Zimbabwe

Zimbabwe: Ongoing medical strike could cost lives

[This report does not necessarily reflect the views of the United Nations]

HARARE, 31 January (PLUSNEWS) - As Zimbabwe's disgruntled doctors and nurses continue their strike over low salaries and poor working conditions, concern is growing about how the prolonged stayaway is affecting HIV-positive patients.

The strike by health professionals, now more than a month old, has left dozens of desperate patients without medical care in rural and urban areas. Doctors, who earn less than US$240 a month, opened the gate to what has become a growing torrent of wage protests by demanding an 8,000 percent increase to cushion themselves against inflation, and high transport and food costs.

AIDS service organisations are worried that HIV-positive people living in a country with one of the world's highest prevalence rates could be in real danger.

"It is possible that some of our members have already died as a result of the strike. I urge the government to solve this matter urgently, because it's devastating," said Benjamin Mazhindu, national chairman of the Zimbabwe National Network for People Living with HIV (ZNPP+), which has 60,000 members.

Mazhindu warned that if the strike continued, more people living with the virus would develop side effects or become resistant to antiretroviral (ARV) medication, which they were finding difficult to obtain during the industrial action. Any interruption in treatment can lead to the HI-virus becoming resistant to the medication, hastening progress towards AIDS.

Some patients have been forced to wait for more than a week to get ARVs, Mazhindu noted. ZNNP+ member Tabeth Moyo, for instance, had been unable to receive her monthly supply of the life-prolonging treatment from Parirenyatwa Hospital, one of the country's largest health facilities. "I fear that I will become drug resistant because my drugs ran out two weeks ago and I have not been able to replenish them."

The Community Working Group of Health (CWGH), a local nongovernmental organisation dealing with health matters in 25 of the country's districts, has been trying to determine the impact of the strike on HIV-positive Zimbabweans. CWGH executive director Itai Rusike said people were no longer going to hospitals, and were waiting to die. "It's a disaster in the making."

Inevitably, women are bearing the brunt. Mary Sandasi, executive director of the Women and AIDS Support Network (WASN), said pregnant women, most of whom were on ARV treatment, had no access to healthcare workers, which could cause serious complications when giving birth. Many pregnant women have been delivering at home with the help of midwives as a result of the strike.

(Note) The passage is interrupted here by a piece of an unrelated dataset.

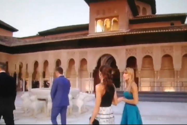 Don Felipe y doña Letizia han sido recibidos a su llegada a La Alhambra por el presidente del Gobierno en funciones, Pedro Sánchez, y su esposa, Begoña Gómez, en los Jardines del Partal.
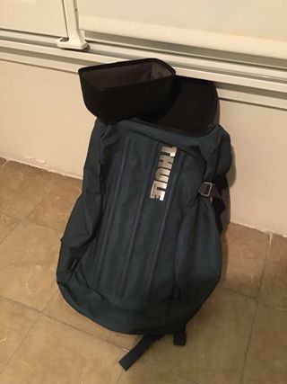 Mochila de viaje de la marca Thule, ideal para tus escapadas. - Diseño moderno y funcional. - Compartimento principal espacioso. - Correas acolchadas para mayor comodidad. - Asas para poder llevarla como maleta. - Compartimentó rígido superior para mobil o cámara fotográfica. - Compartimentos laterales . Etiqueta ligeramente despegada, fácil de pegar. Medidas 55 x 28 x 20 aprox. Entrega en mano en Barcelona.

Few Zimbabweans have turned to private health institutions because the tariffs were unaffordable to ordinary people grappling with an unemployment level above 80 percent and inflation that has reached 1,281 percent, the highest in the world.

Arnold Mungezi, who has been living positively for the past 10 years, is more fortunate, as he can afford to buy his medication from a pharmacy. Nevertheless, he called on the government to address the concerns of doctors and nurses. "They should be given salaries that go hand in hand with their work to avoid this disaster, where people are just dying."